Dive Brief:

• An experimental drug developed by Sage Therapeutics Inc. significantly eased symptoms of postpartum depression (PPD) in two Phase 3 studies of women with either moderate or severe forms of the disorder, sending shares in the biotech soaring by more than 50% Wednesday. 
• Sage Therapeutics said it plans to file for approval of the drug, known as brexanolone, sometime next year. Results from the trials validated findings from a small study that had sparked excitement about the drug's prospects last summer. 
• Treatment with brexanolone led to mean reductions of between 14 to 20 points from baseline scores on a rating scale known as HAM-D. In both studies, a statistically significant effect was measured at 60 hours, and among patients with moderate PPD that benefit extended out through 30 days. 

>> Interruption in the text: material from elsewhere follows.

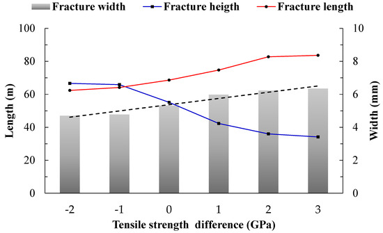 Figure 15 displays that as the difference in tensile strength between barrier and reservoir formations increases, the height of hydraulic fractures decreases while the length and average width of the fractures increase. This indicates that the inhibitory effect on vertical propagation of hydraulic fractures strengthens with the increasing difference in tensile strength between barrier and reservoir formations. When the difference in tensile strength is less than 1 MPa, the control of fracture height is greater than fracture length. However, as the difference in tensile strength changes from negative to positive, the fracture height decreases significantly, accompanied by a gradual increase in fracture length and width. When the tensile strength difference exceeds 2 MPa, the height of the fractures approaches the thickness of the reservoir, and vertical fracture propagation into the barrier formation is noticeably inhibited. Analysis suggests that the essence of fracture extension is the continuous hydraulic fracturing of rock. The net fluid pressure inside the fracture must overcome the intrinsic strength of the rock to cause damage and continue forward propagation. Therefore, when the tensile strength of the barrier formation is higher, vertical propagation of hydraulic fractures is inhibited.

Correction: There were no patient deaths in either of the studies of brexanolone in postpartum depression, although deaths were reported in a prior trial of the drug in super-refractory status epilepticus. A previous version of this article had incorrectly reported one patient death in each of the postpartum depression studies. BioPharma Dive regrets the error. 

Dive Insight:

Sage's success with brexanolone in PPD helps erase the sting of the drug's recent failure to show a benefit in patients with a severe type of epilepsy. 

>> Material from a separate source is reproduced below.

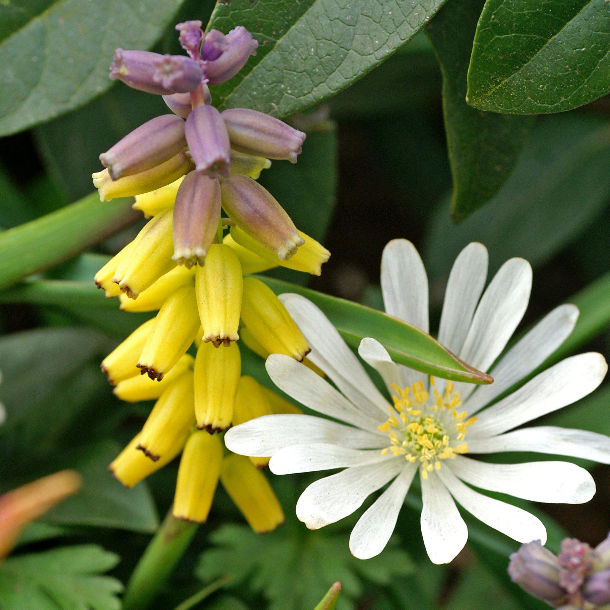 They bloom at the same time as daffodils and some early varieties of tulips and they blend perfectly in.

That setback had trimmed Sage's share price by a fifth, but the surge Wednesday morning more than offset that earlier decline.

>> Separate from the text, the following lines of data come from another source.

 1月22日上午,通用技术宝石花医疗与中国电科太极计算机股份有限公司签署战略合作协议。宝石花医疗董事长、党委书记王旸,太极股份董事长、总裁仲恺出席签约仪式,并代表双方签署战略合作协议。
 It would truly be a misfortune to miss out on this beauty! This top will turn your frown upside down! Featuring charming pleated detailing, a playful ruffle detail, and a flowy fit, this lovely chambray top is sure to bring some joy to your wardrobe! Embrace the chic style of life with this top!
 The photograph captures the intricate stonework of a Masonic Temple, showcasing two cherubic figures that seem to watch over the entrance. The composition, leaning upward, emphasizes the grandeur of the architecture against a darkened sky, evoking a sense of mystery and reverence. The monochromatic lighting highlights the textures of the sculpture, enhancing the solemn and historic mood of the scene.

There are currently no treatments for PPD, a condition which affects as many as one of out 10 women. Women who suffer from the condition can experience intense depressive symptoms that can disrupt daily life. Unlike general stress and anxiety experienced around childbirth, PPD doesn't dissipate as readily, according to the American Psychological Association. 

"We believe the data represent an unprecedented opportunity in the development of treatments for PPD, and may serve as the catalyst for a paradigm shift in how the disease is approached and, if approved, may change how PPD is treated," said Sage CEO Jeff Jonas in a Nov. 9 statement. 

In the first study, called 202B, Sage tested two doses of brexanolone in 122 women with severe PPD, splitting trial participants evenly into two treatment arms and a placebo group. Treatment with 90 mcg/kg/hour of the drug led to a lowering in mean HAM-D scores of 17.7 points from baseline. Those on the 60 mcg/kg/hour dosing saw an even greater 19.9 reduction in HAM-D scores. Both results were a statistically significant improvement over the 14 point drop seen in the placebo arm. 

Benefit from brexanolone was first observed two days after treatment began and was sustained through 30 days of follow-up.

The HAM-D scale is used to measure the severity of depression, rating symptoms like feelings of guilt, suicidal ideation, insomnia, weight loss and other characteristics of depressive disorders. 

In study 202C, which tested the 90 mcg dosing of brexanolone in 104 women with moderate PPD, Sage also reported a statistically significant reduction in mean HAM-D scores. A significant treatment effect was observed through Day 7 but not at Day 30 — as improvement in the placebo group during the month meant the difference between groups was no longer statistically significant at Day 30. 

Adverse event rates were similar across both treatment and placebo groups. Sage reported one serious adverse event from each study, although neither required hospitalization and one was judged not to be related to treatment.

Editor's note: This post has been updated to clarify the treatment effect of brexanolone at Day 30 in study 202C.